File metadata and controls

52 lines (25 loc) · 5.03 KB

Title: MapX: Controlled Data Migration in the Expansion of Decentralized Object-Based Storage Systems

Source: FAST2020

Authors: Li Wang, Yiming Zhang, Jiawei Xu


Summary

  • What is the problem the paper aims to solve?

    In CRUSH, each OSD (object storage device) is assigned a weight, and the load of OSDs is usually determined by these weights. When expanding a cluster in an object-based storage system using the CRUST algorithm, the weight of the new OSD will cause the balance among the original weights to change due to the addition of a new OSD. For example, there were originally three OSDs with weights of 1. Each of them stored 4 objects when they reached load balancing. At this time, if a new OSD with a weight of 1 is added. According to the weight of these four OSDs, they should store 3 objects each. This will cause each of the original three OSDs to migrate an object to the new OSD for new load balancing. These OSDs belong to different clusters, so this kind of migration is often global. This is called uncontrolled data migration. Due to the data migration, I/O delay will be caused, and IOPS will be reduced, resulting in reduced performance.

  • How can the paper address the problem? What is the main idea of this paper?

    CRUSH is an algorithm used to calculate on which OSD an object is stored in a decentralized object-based storage system. It contains two steps. The first step uses hashing and modulo to map objects to PG (placement group). The second step is to map from PG to OSD. In the second step, it includes the steps of selecting root, cabinet, rack, and OSD. In each selection, it is determined by the weight and the utilization rate of the equipment.

    In centralized object-based storage systems, a central directory is used to store the location of each object.
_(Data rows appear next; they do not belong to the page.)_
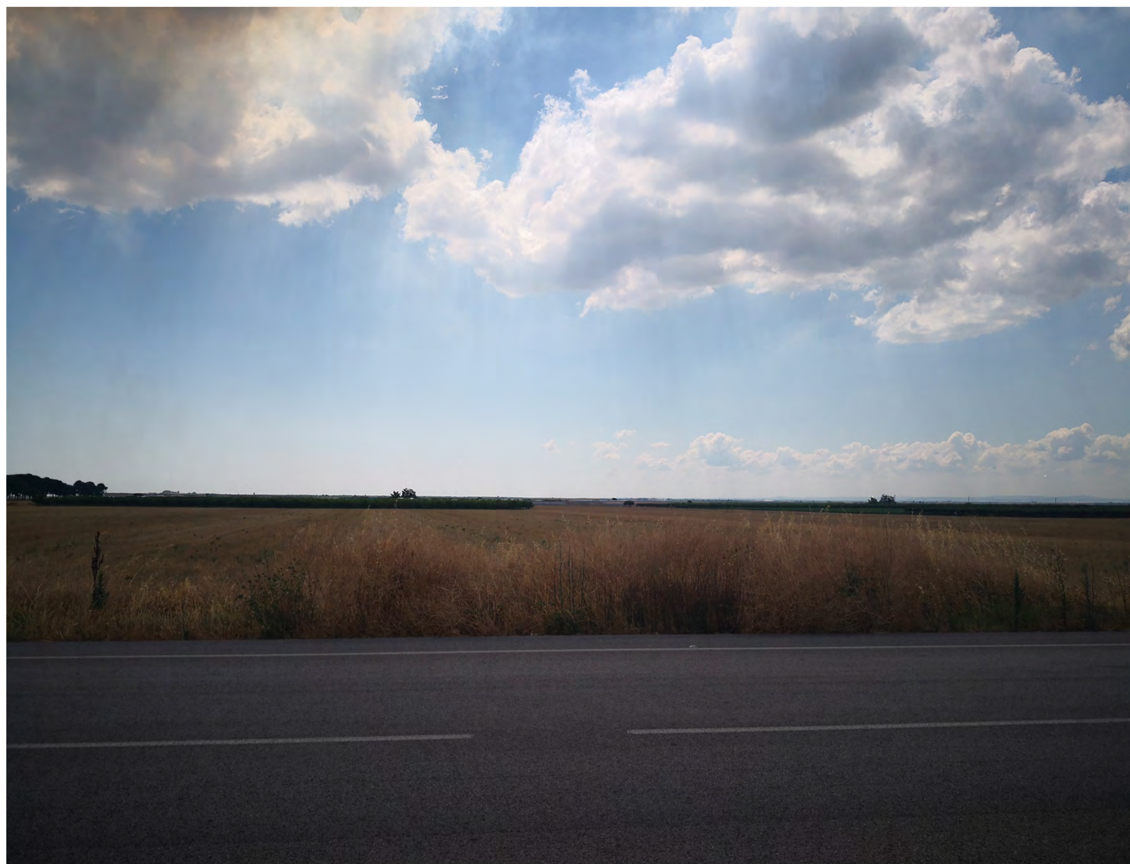
Campo B Vista 7 stato di fatto
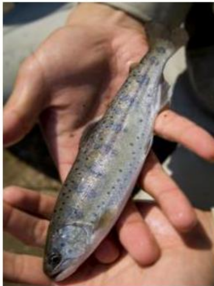
Fishing pond (Amaike Inn)
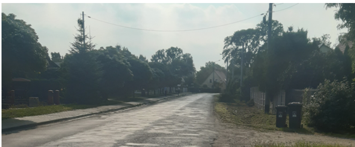
ul. Klasztorna - Kierunek Legnickie Pole Centrum – Gniewomierz
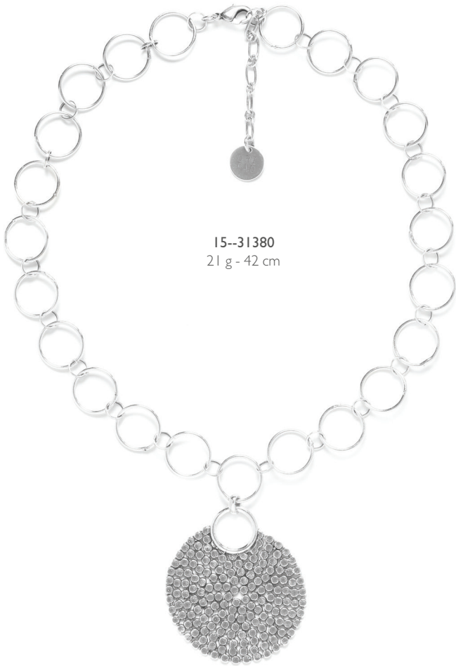
15--31380 21 g - 42 cm
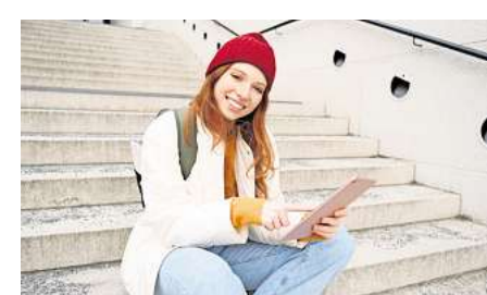
Studierende am DIPLOMA Studienzentrum Hannover zahlen in der Regel keine Studiengebühren.

Auch interessierte Praxispartner sind herzlich eingeladen, um mehr über Kooperationsmöglichkeiten zu erfahren. Weitere Informationen unter www.diploma.de . DIPLOMA Studienzentrum Hannover Wilhelmstraße 2 30171 Hannover Telefon: (0511) 844 894 89 E-Mail: hannover@diploma.de
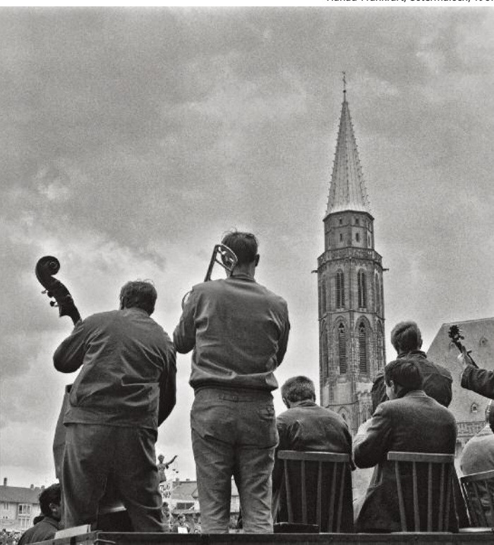
Hanau-Frankfurt, Ostermarsch, 1967
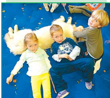
Děti v Mateřské škole Stromořadí

Dobřany patří s věkovým průměrem 37 let k nejmladším městům v kraji. A tak není divu, že je tam velký zájem o předškolní zařízení. Kapacita dvou mateřinek nestačila, proto loni město zřídilo v jedné ze školek další třídu pro dvacet dětí. Míst je tak 260, což už by prý mohlo uspokojit potřeby obyvatel města. V Plzeňském kraji je celkem 250 mateřských škol.
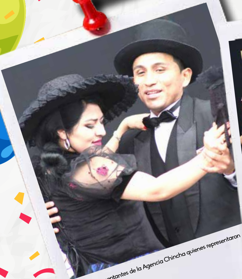
Dignos representantes de la Agencia Chíncha quienes representaron una polka limeña.
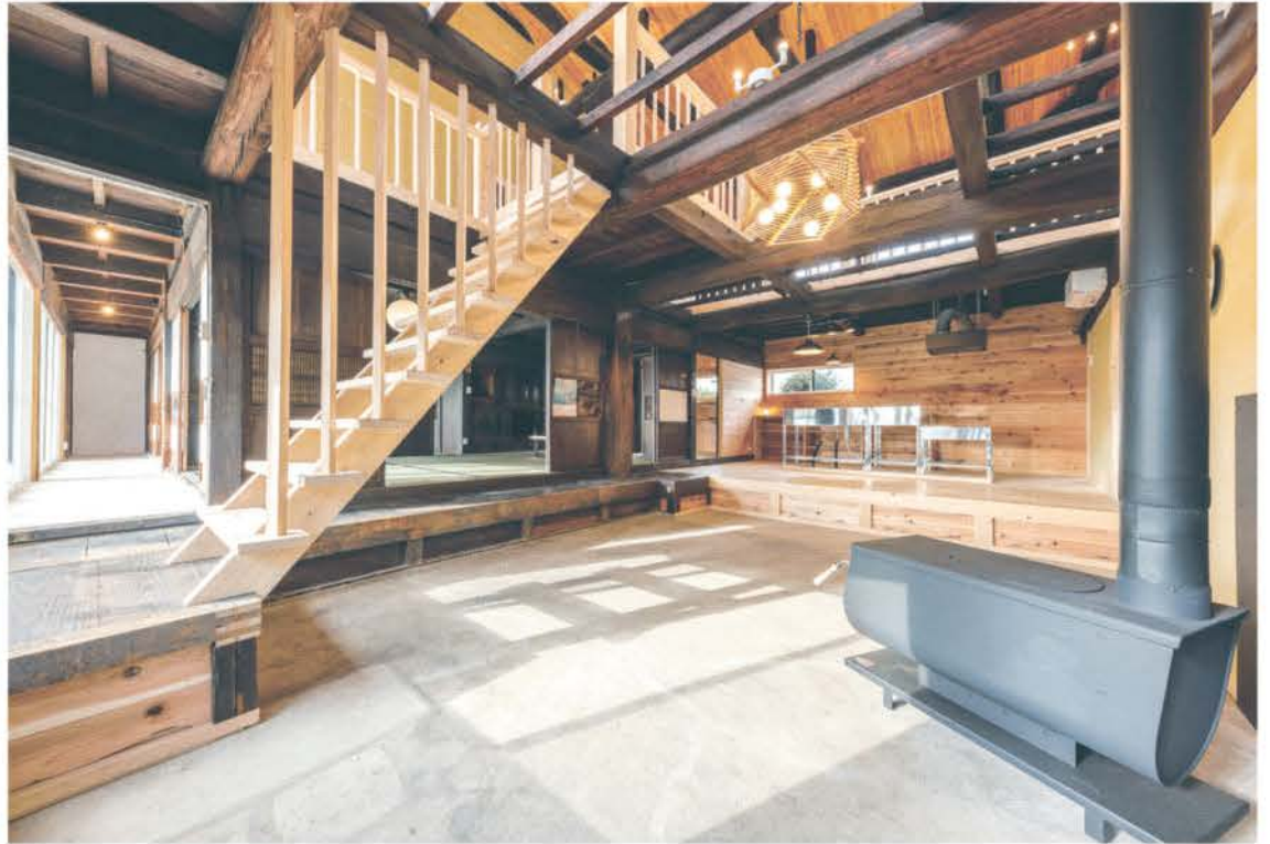
築140年の養蚕農家を改築。使用できる柱や梁、建具は残し、古民家の良さを生かした。広い土間に薪ストーブを設置。オープンな間取りで暖房効率も期待でき、土間が団らんの場としても活躍。水回りは全て改修し、天井、壁に断熱材を施工。構造を補強し耐震性をアップした。

To avoid migration, new objects are stored in new OSDs while keeping old OSDs unaffected. Inspired by this idea, to isolate the new OSDs from the old OSDs, they introduced the concept of layers represented by a virtual node beneath the CRUSH root. To distinguish between old and new layers, they introduced timestamps and used timestamps for subsequent mapping.

    When the cluster is expanded, they regard the new cluster (which can be OSDS, shelves, cabinets) as a new layer. At the same time, new PGs are introduced (note that each PG has two timestamps, the static timestamp, and the static timestamps. The two timestamps are initialized to be the same as the layer's timestamp, and the dynamic timestamp can be changed). In subsequent calculations, MAXP firstly compares the object's timestamp with the PG's static timestamp to map the new PG. Then MAPX uses dynamic timestamp mapping to the corresponding layer. The steps in the layer are similar to CRUSH's second step.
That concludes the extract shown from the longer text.